It was not possible to pick and choose whom to interview, and given the small number of interviewees, the sample was almost certainly biased though in ways that could not be determined. The three arrestees interviewed were located opportunistically, rather than on any basis relating to the likelihood that they had been trafficked or victimised. Semi-structured interview schedules were used for both the cannabis growers and the police officers involved in their cases. The officers were told that the research was about cannabis factories, but modern slavery was not mentioned. The aim of that presentation was to avoid ‘priming’ them in a way that might have prompted them to give what they considered desirable answers.

The decision to use interpreters was made because the growers spoke limited English. They could convey some meaning, but the effort required to communicate adequately in a second language, especially when emotions or sensitive topics are broached, has been found to result in impoverished accounts (Nicassio et al. 1986; Westermeyer 1990) as well as making the accuracy and value of the data uncertain (Marshall and While 1994).


This study posed particular ethical issues and therefore utilised the British Society of Criminology Statement of Ethics (BSC 2015).
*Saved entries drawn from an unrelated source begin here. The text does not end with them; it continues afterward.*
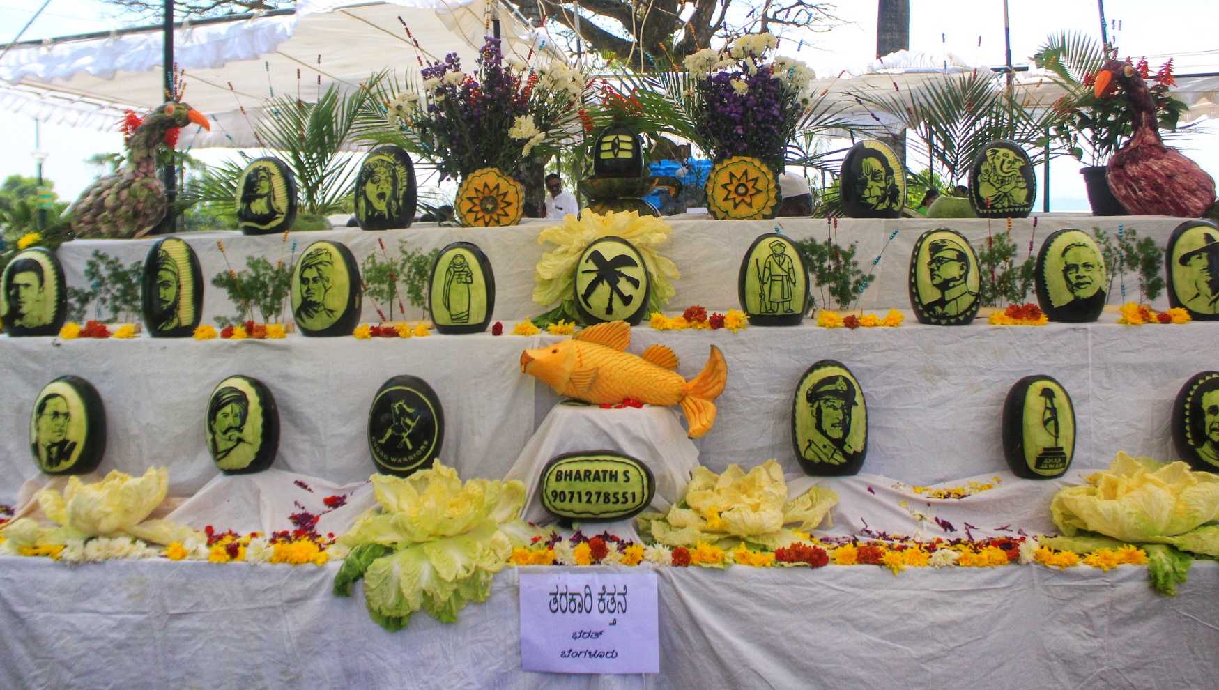 ಪ್ರಧಾನಮಂತ್ರಿ ನರೇಂದ್ರ ಮೋದಿ, ಸಂವಿಧಾನ ಶಿಲ್ಪಿ ಡಾ.ಬಿ.ಆರ್,ಅಂಬೇಡ್ಕರ್, ವೀರಸೇನಾನಿ ಜನರಲ್ ಕೆ.ಎಸ್.ತಿಮ್ಮಯ್ಯ, ಸ್ವಾತಂತ್ರ್ಯ ಹೋರಾಟಗಾರ ಸಂಗೊಳ್ಳಿ ರಾಯಣ್ಣ, ರಾಷ್ಟ್ರಕವಿ ಕುವೆಂಪು, ಸ್ವಾಮಿ ವಿವೇಕಾನಂದ, ನೇತಾಜಿ ಸುಭಾಷ್ ಚಂದ್ರಬೋಸ್, ಭಗತ್ಸಿಂಗ್, ಪುನಿತ್ ರಾಜ್ಕುಮಾರ್ ಸೇರಿದಂತೆ ವಿವಿಧ ಗಣ್ಯರ ಕಲಾಕೃತಿಯನ್ನು ತರಕಾರಿ/ ಹಣ್ಣುಗಳಲ್ಲಿ ಕೆತ್ತನೆ ಮಾಡಲಾಗಿದೆ. ವಿವಿಧ ಅಲಂಕಾರಿಕ ಗಿಡಗಳಾದ ಬೋನ್ಸ್ಯ್ ಗಿಡಗಳ ಪ್ರದರ್ಶನ, ಇಕೆಬಾನೆ ಹೂವಿನ ಜೋಡಣೆ ಹಾಗೂ ಅಂಥೋರಿಯಂ ಹೂವಿನ ಪ್ರದರ್ಶನ ಗಮನ ಸೆಳೆಯುತ್ತಿದೆ.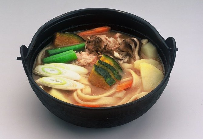 晚餐时您可以品尝名为馎饦的山梨特有料理。在这道温热的火锅料理中,扁平的面条加入味噌,再与当地的时令蔬菜一起烹煮。常见的食材包括南瓜、芋头、牛蒡根与野猪肉。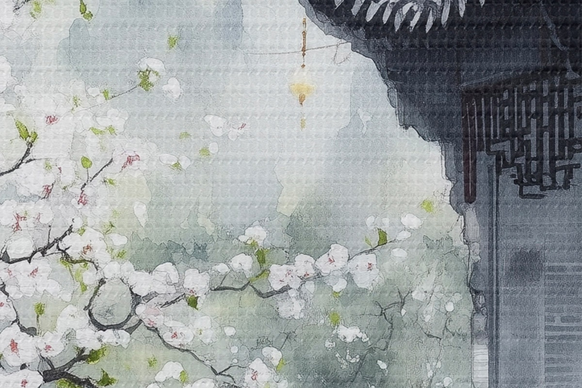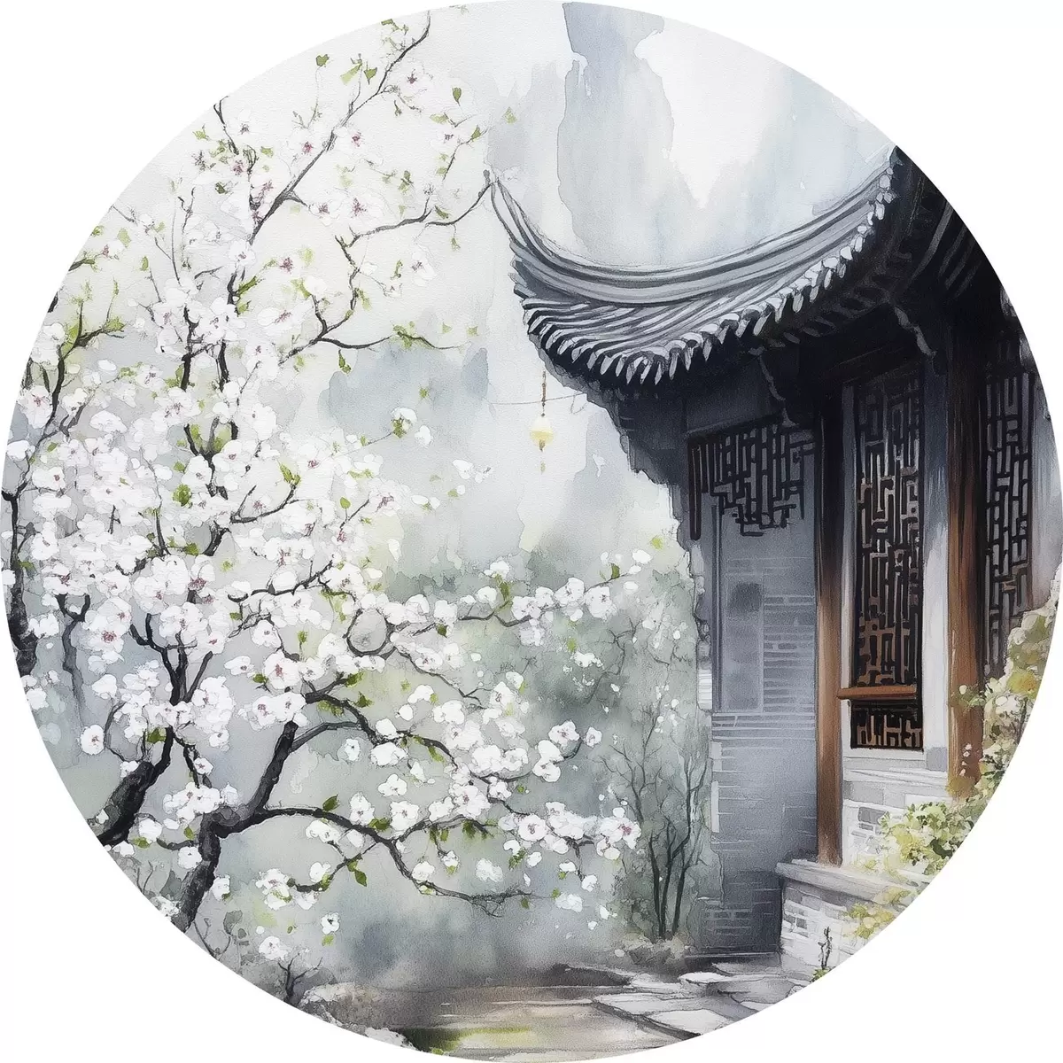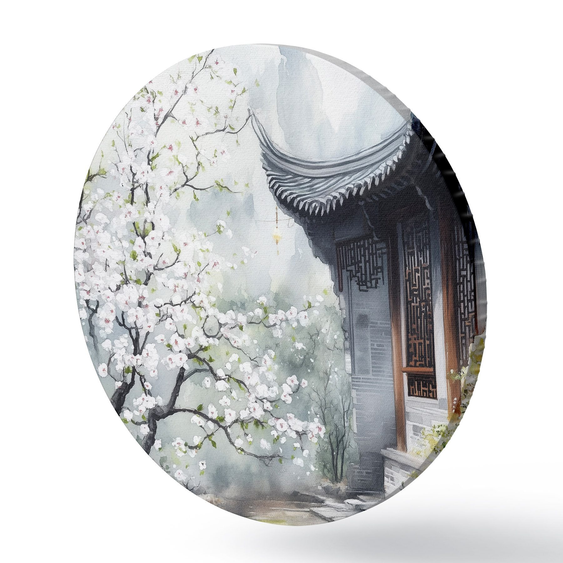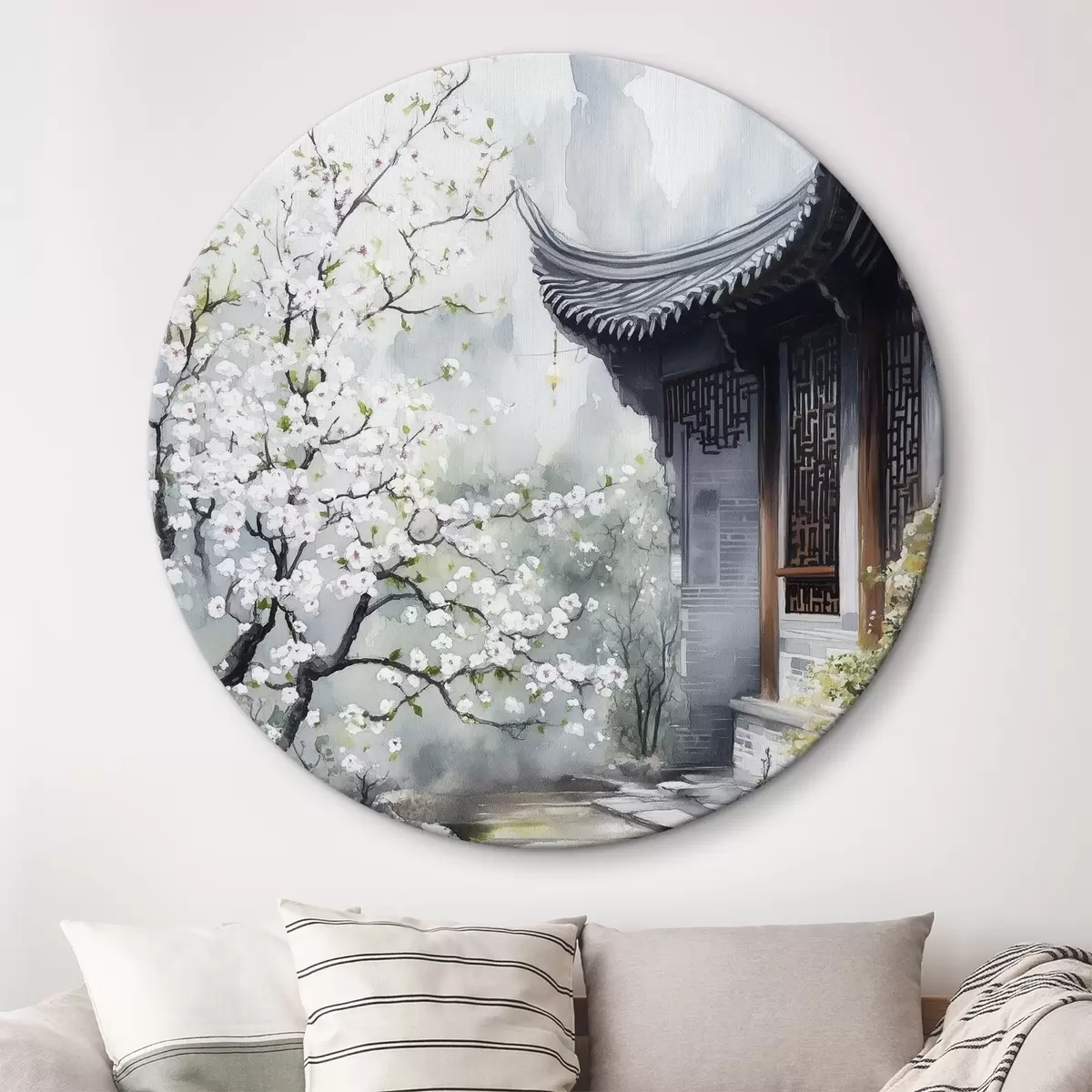 Picturi rotunde Japonia grădină cu cireș și casă, oriental, stil acuarelă Nr r44309

The ethics committee of the Surrey and Sussex Police ‘Knowledge Exchange’ group, who review all research proposals from an ethical perspective, sanctioned this work, and authorised crime data access for academic purposes, to better understand this relatively unexplored crime type and to improve the policing response to it. All crime data were anonymised and kept secure.

The qualitative aspect of this research required deeper ethical consideration, however. The cannabis growers were foreign nationals, non-English speakers, and incarcerated for offences associated with serious organised crime. Sykes (1971) described the insecurity of prison for individuals; it is an enclosed environment with a dense population of offenders. Growers may have been put at risk if it became known that they had spoken to a police officer so discretion was maintained throughout. The purpose of the research was fully explained and confidentiality and anonymity were assured.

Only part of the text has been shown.